Reply to the Commentary: Should Injectable Meloxicam Be Approved for Use in Cats?

Ludovic Pelligand 1,2,3,, Laura Cole 1, Daniel S J Pang 4,5
PMCID: PMC12968477  PMID: 41797287

We thank Wun et al. (2026) for their comment on the occurrence of peri‐operative Acute Kidney Injury in a clinical trial that was pivotal for the marketing of meloxicam 5 mg/mL solution for cats (U.S. Food and Drug Administration 2004) and subsequent studies (Krekis et al. 2024). We have we been asked to provide a different perspective and we have complemented this letter with PK/PD simulations from available feline NSAID data.

Acute kidney injury (AKI) after surgical procedures in cats has received little attention until recently, although scoping reviews on this topic are emerging in dogs (Quinn 2025). It may therefore be informative to review evidence available from the human literature. In people, the incidence of peri‐operative acute kidney injury is emerging as more common than previously recognised (Meersch et al. 2024). AKI and acute kidney disease (AKD) are a continuum (Chawla et al. 2017) that are described in standardised terms, mainly following the publication of the KDIGO staging (Kidney Disease: Improving Global Outcomes (KDIGO) 2012). Post‐operative AKI (increase in creatinine ≥ 0.3 mg/dL or ≥ 26.5 μmol/L) is an abrupt decrease in kidney function after the initiating anaesthetic/surgical event. It can be transient (recovery within 48 h) or persisting (lasting up to 7 days). After 7 days, the persisting decrease in glomerular filtration rate (GFR) is classified as acute kidney disease (AKD), which may progress to chronic kidney disease (CKD) if persisting beyond 90 days.

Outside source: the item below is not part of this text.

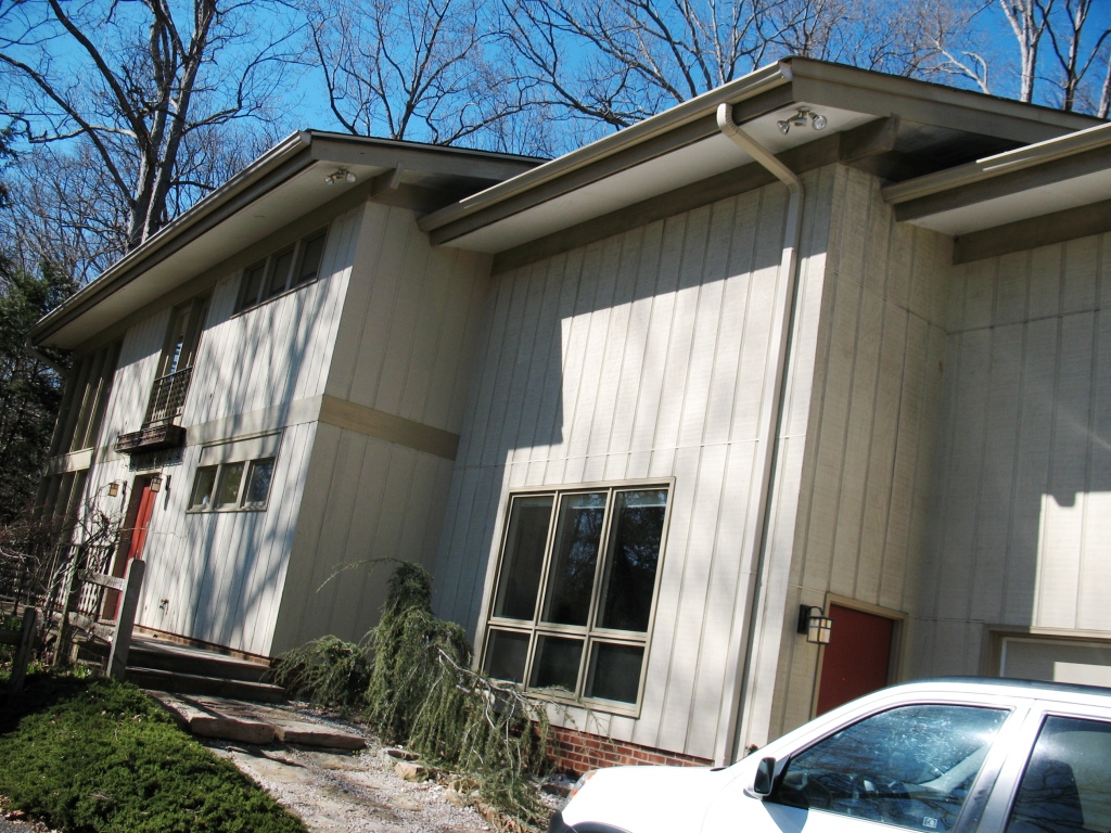 1972 - The Germaine Bree House, 2135 Royall Drive, Winston-Salem NC. J. J. Kim, a member of Ramsay's firm, prepared the plans. Sold to Michele Gillespie and Kevin Pittard. The far right section with the lower roof pitch is an addition. Photos by Gabe Nicholson.

The pathophysiology of peri‐operative AKI is complex and likely to involve several predisposing factors, including intra‐operative hypotension, blood loss, peri‐operative systemic inflammation (as a response of the organism to the trauma of surgery) and administration of potentially nephrotoxic drugs (Meersch et al. 2017). Recovery of renal function can be explained through several mechanisms. The first mechanism is an early physiological recovery of normal circulating volume and haemodynamic conditions in the early post‐operative period through resumption of normal water and feed intake. Secondly, there is a possibility of regeneration of lost tubular cells by renal progenitor cells (immature tubular cells with capacity to regenerate entire segments) (Kellum et al. 2021) leading to functional recovery within a few days to weeks. Thirdly, when tubular cells are lost, recovery of renal function is still possible beyond the regeneration stage by compensatory hypertrophy of remaining nephrons, but this happens over several months. The remnant single nephron GFR increase is initially adaptive, but sustained hyperfiltration is ultimately potentially detrimental (maladaptive), increasing the risk of progression to CKD.

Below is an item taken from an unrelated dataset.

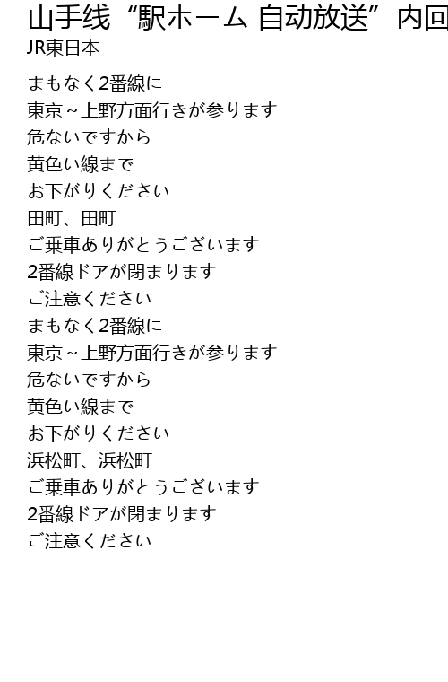 | Song | 山手线“駅ホーム 自动放送”内回り 田町・浜松町 |

What is the prevalence of peri‐operative AKI in cats? Does AKI lead to AKD and predispose cats to CKD? What is the possible contribution of peri‐operative NSAID use in initiating AKI (or exacerbating AKD)? We certainly do not currently have answers to these questions in veterinary medicine but the largest prospective study to date in people brings useful insights. The EPIS‐AKI study was the first prospective international observational multi‐center clinical trial carried out in more than 10,000 patients undergoing major surgical procedures, defined as exceeding a duration of 2 h and requiring subsequent ICU or high dependency unit admission (Zarbock et al. 2023). Changes in serum creatinine were followed daily for the first 3 days following surgery and classified as KDIGO stage 1 if creatinine increased by 0.3 mg/dL (≥ 26.5 μmol/L) within 48 h or 1.5–1.9 times increased from baseline within 72 h after surgery. The prevalence of post‐operative AKI within 72 h after surgery was 18.4% (i.e., 1 in 5 patients). Amongst these, 63.5% were KDIGO stage 1, 25.7% were KDIGO stage 2, and 10.7% were KDIGO stage 3. Of all AKI cases, 76.2% occurred within the first 24 h after surgery and only 34% cases were persistent AKI (duration ≥ 48 h).

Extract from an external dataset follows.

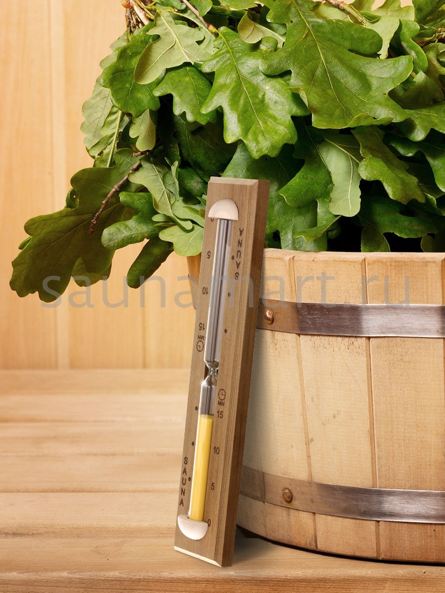 Колба с песком выполнена из жаропрочного стекла, внутри засыпан цветной песок, для лучшего обзора. Прибор не боится высокой влажности и температуры, поэтому идеально подходит для использования внутри парной. Размер изделия: 34 * 6,5 * 3 см.

A secondary analysis of the same EPIS‐AKI dataset followed the incidence of AKD after 7 days (estimated GFR < 60 mL/min/1.73 m2) (Meersch et al. 2024) and included 9510 patients without pre‐existing CKD. Of these, 9.9% of patients developed AKD (decrease in GFR persisting beyond 7 days). AKI was a key driver for AKD: 14.9% of patients with KDIGO Stage 1 developed AKD after 7 days and AKD was twice less likely if AKI was transient. In the multivariate analysis, aminoglycosides were independently associated with the development of AKD but peri‐operative NSAIDs appeared rather protective against AKD (OR 0.78, 95% CI 0.64–0.94). The authors recognised that this counterintuitive result could possibly be due to unexplained confounding factors and selection bias; however, there was no evidence based on the data to consider NSAIDs as a contributing factor of AKD within the context of this study population. EPIS‐AKI could inform a larger‐scale study in hospitalised cats but the population of cats undergoing spay would arguably be younger, healthier and exposed to shorter surgeries. We therefore urge for a prospective multicentric controlled clinical trial with appropriate postoperative follow‐up (ethics of sampling and diagnostic capability) to estimate the prevalence of AKD in cats following sterilisation after receiving (or not) an NSAID at the discretion of the clinician.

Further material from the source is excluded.